Print all of the data exactly, but drop the pictures.

── Source data ──

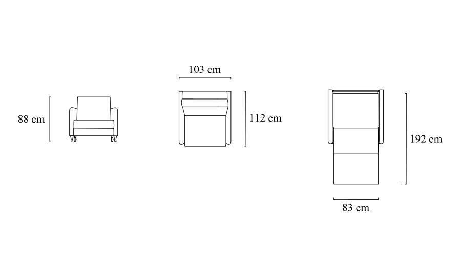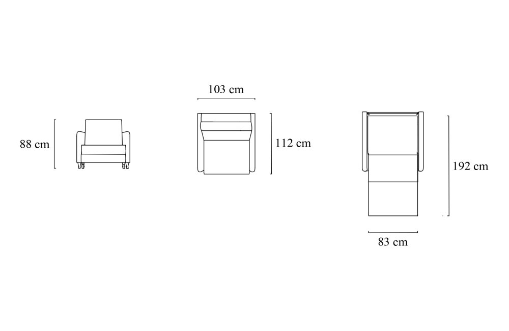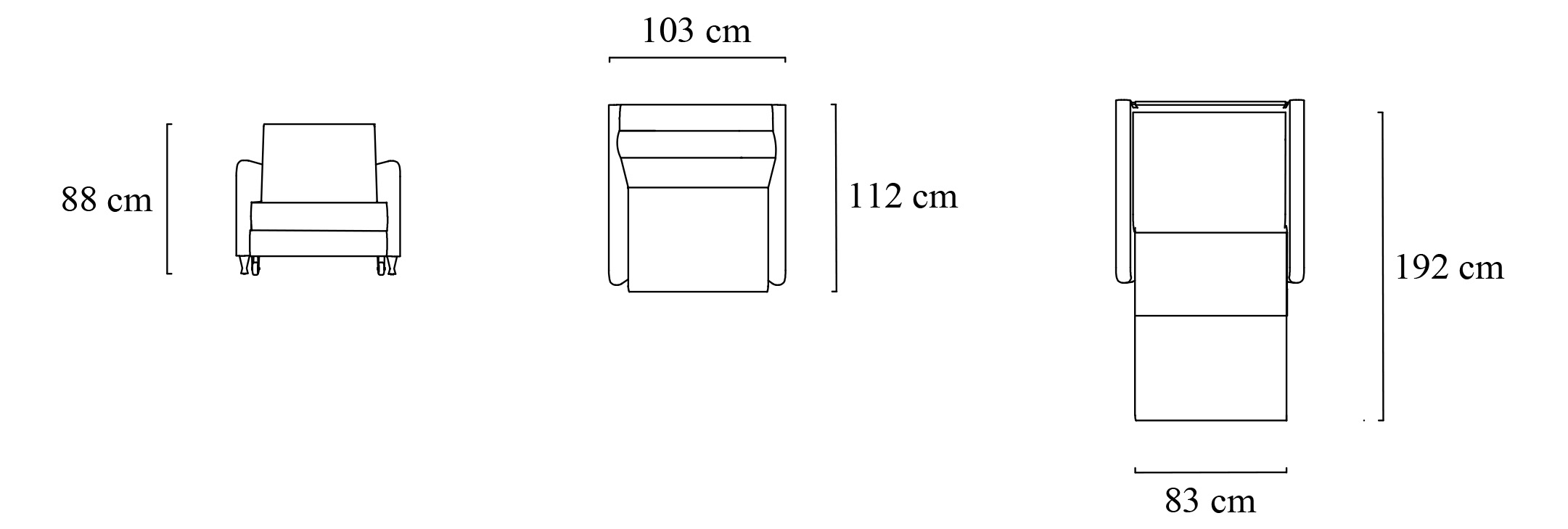 • Açılınca Yatak ölçüsü : 83 x192 cm
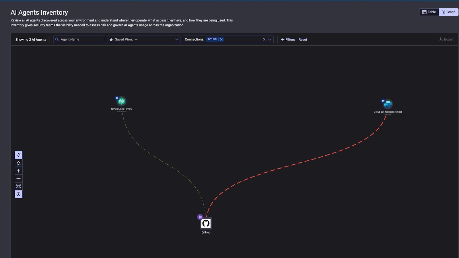 | Figure 1: Reco’s AI Agents Inventory, showing discovered agents and their connections to GitHub. |
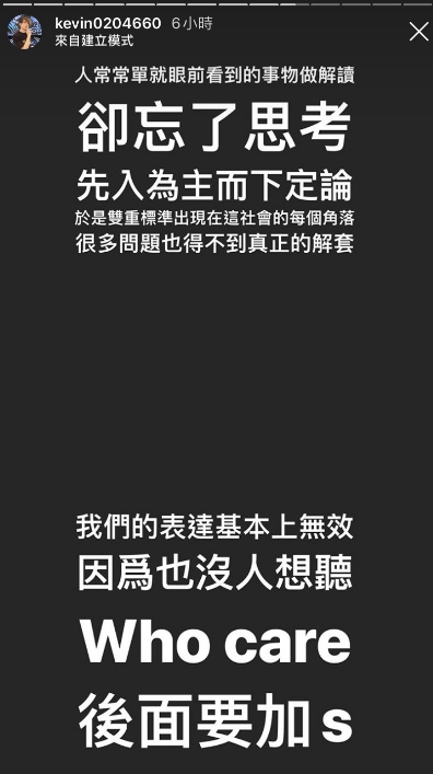 對於網路上的負面聲浪,酷炫也更新限時動態表示,人們常常單就眼前看到的事物做解讀,卻忘了思考,先入為主而下定論,「於是雙重標準出現在這社會的每個角落,很多問題也得不到真正的解套」。除了酷炫以外,孫生也發出一則全黑限動,「什麼是雙重標準?我今天見識到了」。

───

Output below.
 • Açılınca Yatak ölçüsü : 83 x192 cm
 | Figure 1: Reco’s AI Agents Inventory, showing discovered agents and their connections to GitHub. |
 對於網路上的負面聲浪,酷炫也更新限時動態表示,人們常常單就眼前看到的事物做解讀,卻忘了思考,先入為主而下定論,「於是雙重標準出現在這社會的每個角落,很多問題也得不到真正的解套」。除了酷炫以外,孫生也發出一則全黑限動,「什麼是雙重標準?我今天見識到了」。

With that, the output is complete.